The anti-government message of Anonymous rings true among prisoners who have been railroaded, condemned and warehoused. So when they hear about hacked government websites and cops getting doxed, my fellow inmates often tell me things like, “It’s good to see people finally doing something about it.” That rejection of established, reformist avenues for achieving social change is why Anonymous continues as a force to be reckoned with, made all the more obvious by the presence of Guy Fawkes masks at the protests in Ferguson, Missouri – and beyond.

Hackers are a controversial, chaotic and commonly misunderstood bunch. Many of us have been arrested, from Mercedes Haefer and Andrew Auernheimer to Mustafa Al-Bassam and more, and few outside observers get that Anonymous is not a monolithic entity but a wide spectrum of backgrounds, politics and tactics. The journalist Barrett Brown gets it, but he continues to await his sentencing for merely linking to hacked material. And so I’ve been sharing a new book with my fellow inmates by the anthropologist and author Gabriella Coleman called Hacker, Hoaxer, Whistleblower, Spy: The Many Faces of Anonymous.
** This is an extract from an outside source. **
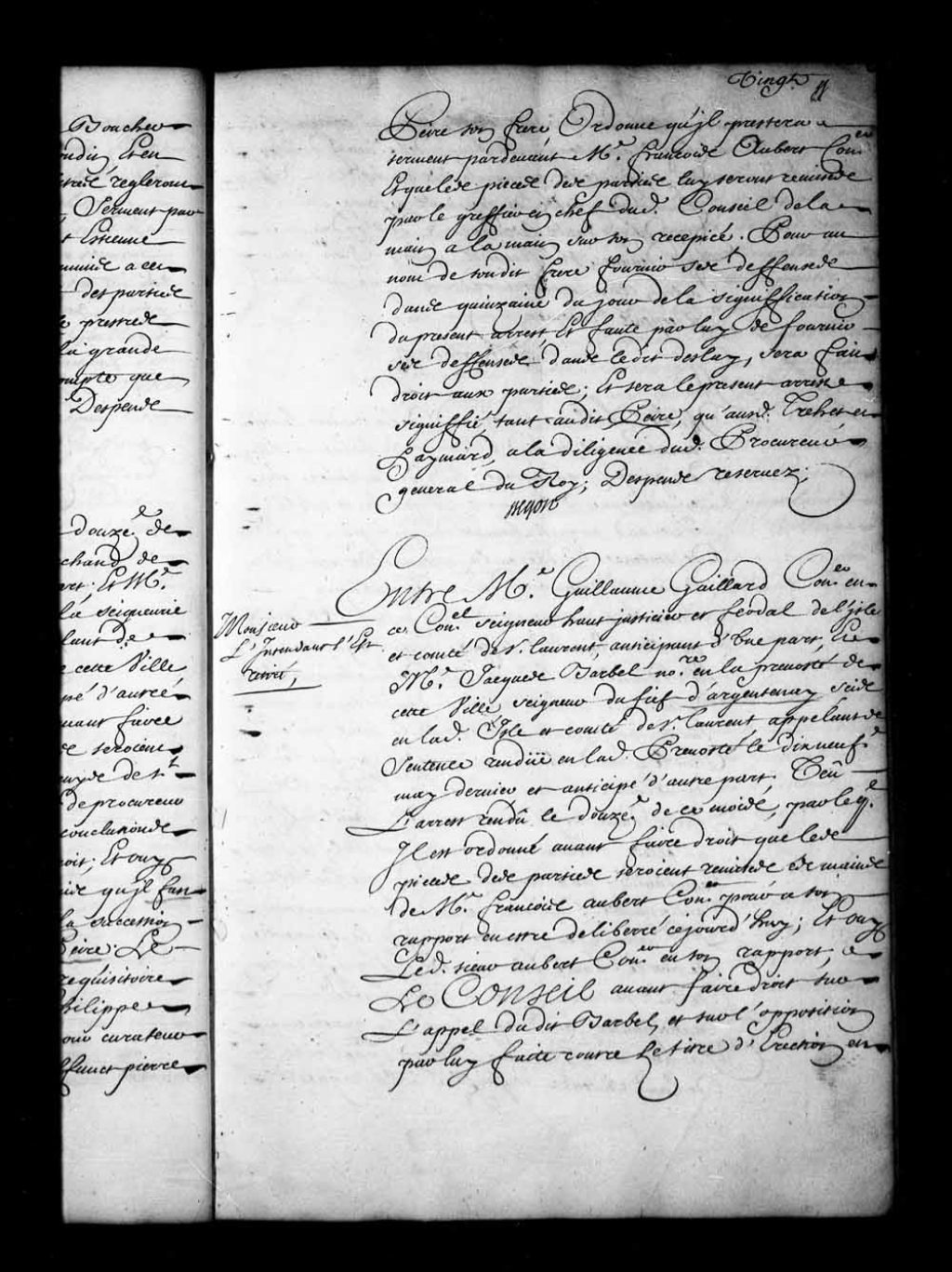 Arrêt qui appointe les parties en droit à servir de griefs dans la cause de Guillaume Gaillard, seigneur haut justicier et féodal de l'île et comté de Saint-Laurent, contre Jacques Barbel, notaire, seigneur du fief d'Argentenay, appelant de la sentence rendue le 19 mai 1717, 19 juillet 1717, Archives nationales à Québec, Fonds Conseil souverain, (03Q,TP1,S28,P15084).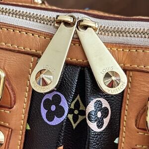 Chic Louis Vuitton satchel with vibrant multicolor monogram. Features gold-tone studs and tan leather accents. Perfect for a bold statement.

The book chronicles the development of Anonymous from its trickster troll days to its involvement in Occupy Wall Street and the Arab Spring, to the LulzSec and AntiSec hacking sprees and all the word done by the group since Stratfor, the intelligence firm I hacked in 2012. But it is more than a timeline written by an outsider: Coleman spent years in dozens of chatrooms and travelled the world to meet hackers. Some, like my LulzSec codefendants in the UK, I have not heard from since our collaboration on various hacks and subsequent arrests, so I was especially happy to hear how they have been keeping the spirit alive.

I was especially struck by Coleman’s interactions with Hector Monsegur – aka Sabu, the hacker-turned-FBI-informant who is responsible for many of our arrests and who was released this spring after his “extraordinary cooperation” with the FBI. One of the few people to ever meet him face-to-face until he gave an interview to Charlie Rose this month, Coleman had feelings that parallel my own: Sabu betrayed me.

Like everybody else, Coleman was convinced of Sabu’s street credibility because he talked tough and boasted about his access to ongoing hacking operations. Yes, I’m a natural-born leader, he would say. I can lead this entire movement on my own if I wanted to live like a dictator. What the fuck is up with all the snitches? Reading those and hundreds of other infuriating quotes in retrospect begs the question: How could we have been so foolish?

Sabu wasn’t doing much hacking himself, but he was in every chatroom. He was keeping tabs on upcoming hacks. He was running his mouth on Twitter to establish his self-appointed gatekeeper status. Coleman argues that this “hacker vanguardism” – relying on a select few to do all the attacks or act as spokesperson – detracted from the populist meritocracy of Anonymous and left us more vulnerable to infiltration and arrest.

Despite the “Sabutage”, the 2011 AntiSec phase of Anonymous – when a small but effective group of us took on everyone from Sony to Fox News – may have been the movement’s most active and effective period. At the height of Occupy Wall Street, Anons were gaining street protest experience and political maturity. The hacks were escalating in number and gravity, targeting symbols of economic inequality and police brutality, and in many ways Anonymous was becoming more decentralized, more open-source and tactically diverse enough to represented the future of hacktivism – and maybe even part of the future of activism.

Coleman’s book is not an unquestioned endorsement: we weren’t always legal, and we were often random, incoherent and politically incorrect. Still, most people who cover Anonymous get it wrong, and so they get trolled or hacked in the process. People like Sabu don’t get it, and anti-hacking prosecutors certainly don’t either.

We are condemned as criminals without consciences, dismissed as anti-social teens without a cause, or hyped as cyber-terrorists to justify the expanding surveillance state. But hacktivism exists within the history of social justice movements. Hacktivism is still the future, and it’s good to see people still doing something about it.